◆ Dataset entries
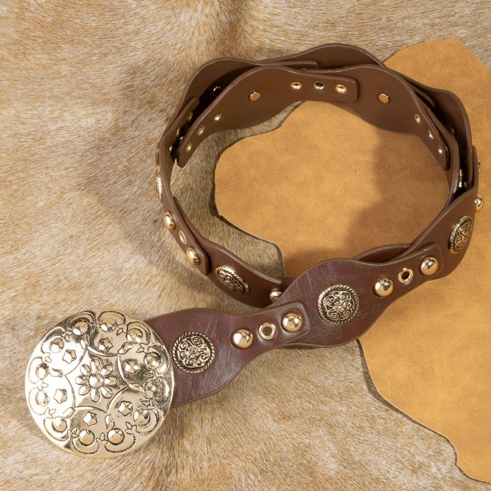 This leather belt introduces a stunning ornate large concho disc buckle style. Experience a burst of creativity in accessorizing as this piece effortlessly sets the tone for your unique style.
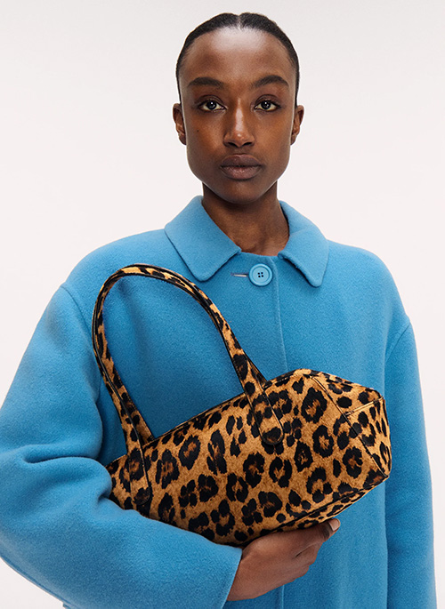Our Helios bag features a sleek, elongated east-west shape and comfortable shoulder straps for easy wear. Available in five colorways in premium suede, ponyhair, and crocodile-stamped leather.
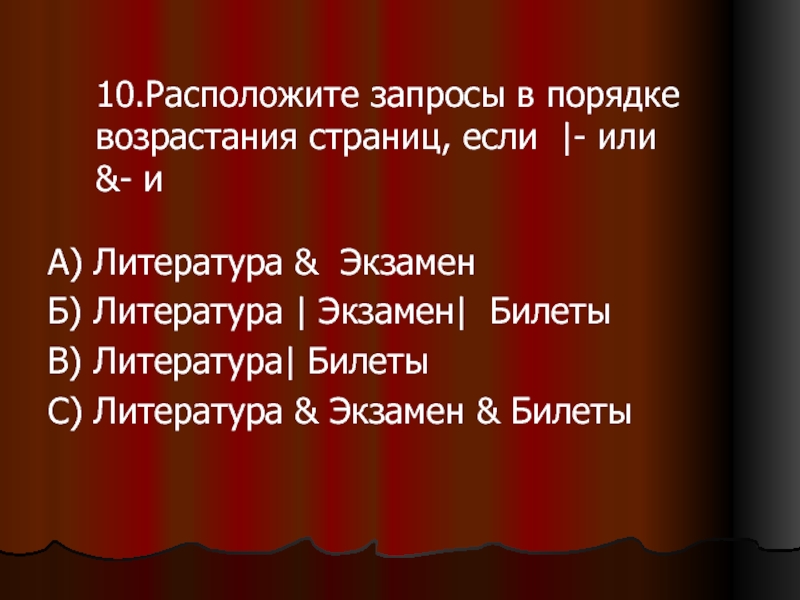 10.Расположите запросы в порядке возрастания страниц, если |- или &- иА) Литература & ЭкзаменБ) Литература | Экзамен|
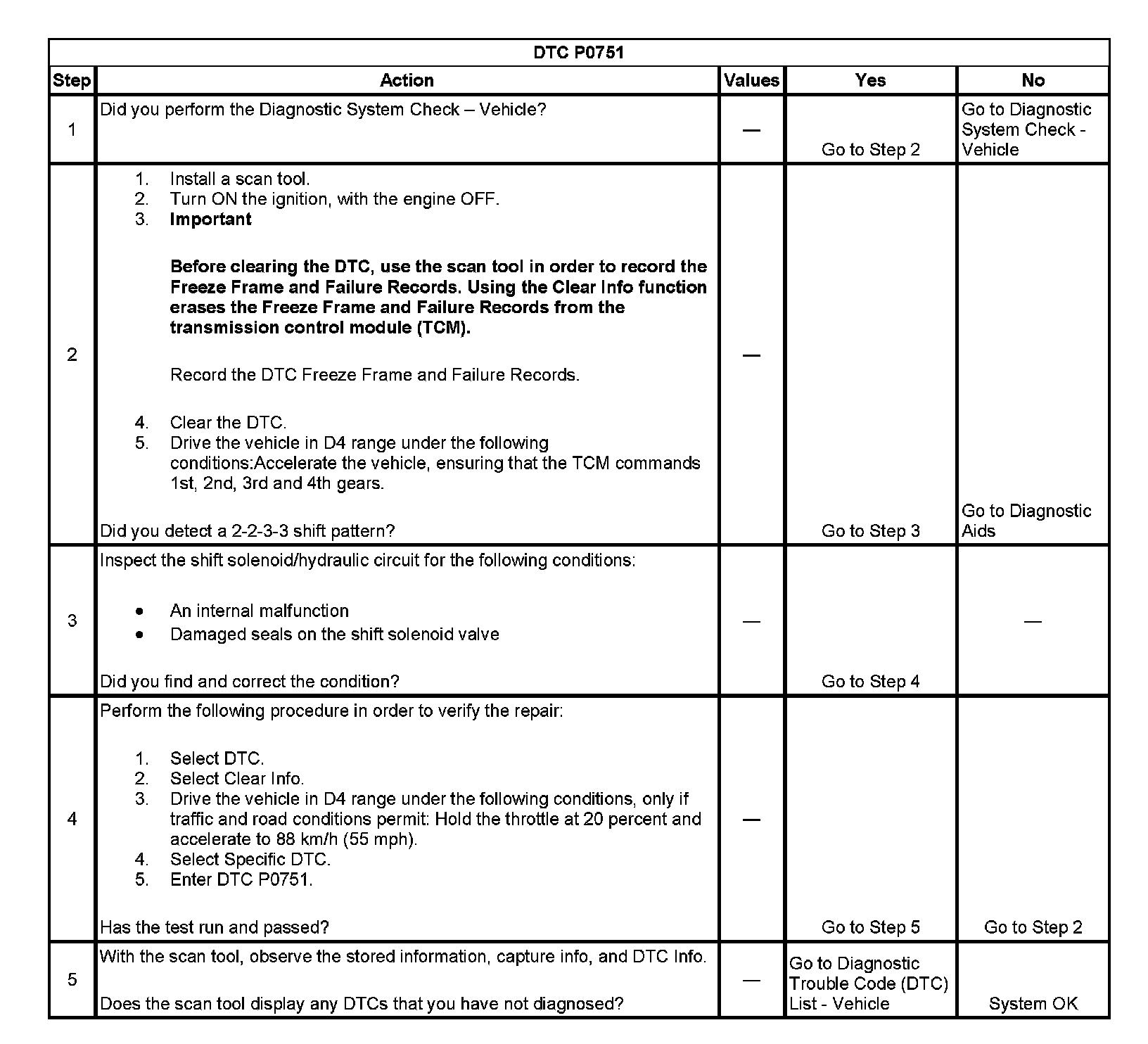 If the transmission control module (TCM) detects a 2-2-3-3 shift pattern, then DTC P0751 sets. DTC P0751 is a type B DTC.
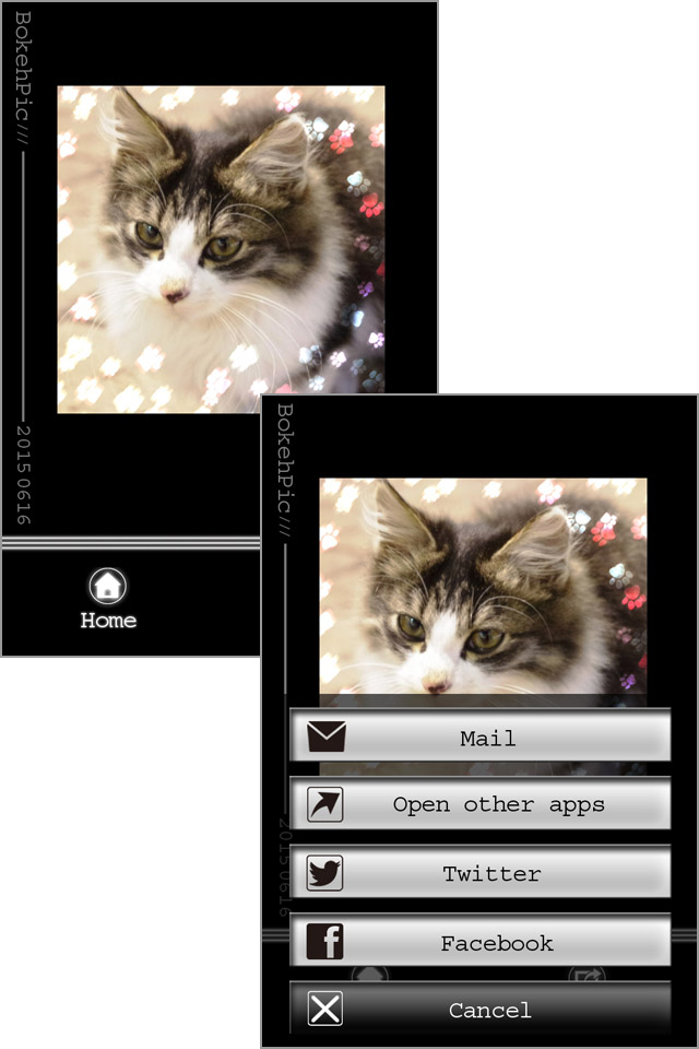 [Share]ボタンを押すと、画像をメールで送る[Mail]、他のアプリを開く[Open other apps]、Twitterに投稿する[Twitter]、Facebookに投稿する[Facebook]ボタンが表示されます。素敵な写真ができたら、家族やお友だちに写真を送ったり、SNSに投稿して写真センスをアピールしちゃいましょう!
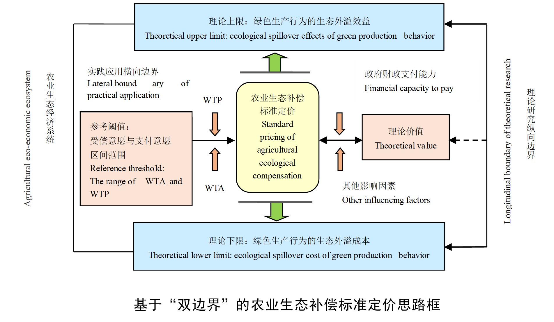 本研究综合运用规范分析及归纳和演绎法,重新定位以绿色发展为导向的农业生态补偿政策边界,系统划分农业生态补偿的类型与内容,尝试构建以外部效应测度为重点的定价机制,科学回答农业生态补偿“为什么补”及“补什么”等核心问题。一是在理论上,界定绿色发展驱动下农业生产补偿外部性政策边界,划分并确定农业生态补偿的类型与内容;二是在方法上,提出基于外部性双边界视角的定价思路,探明不同类型补偿标准核算依据。研究提出基于外部性“双边界”视角的农业生态补偿标准定价思路,为农业生态补偿标准定价提供了重要的思路和方法依据。

◆ Task details
Output only the lines from the start of the data through the line that holds "Our Helios bag". Keep them exact and leave the pictures out.

◆ Output for this task
 This leather belt introduces a stunning ornate large concho disc buckle style. Experience a burst of creativity in accessorizing as this piece effortlessly sets the tone for your unique style.
Our Helios bag features a sleek, elongated east-west shape and comfortable shoulder straps for easy wear. Available in five colorways in premium suede, ponyhair, and crocodile-stamped leather.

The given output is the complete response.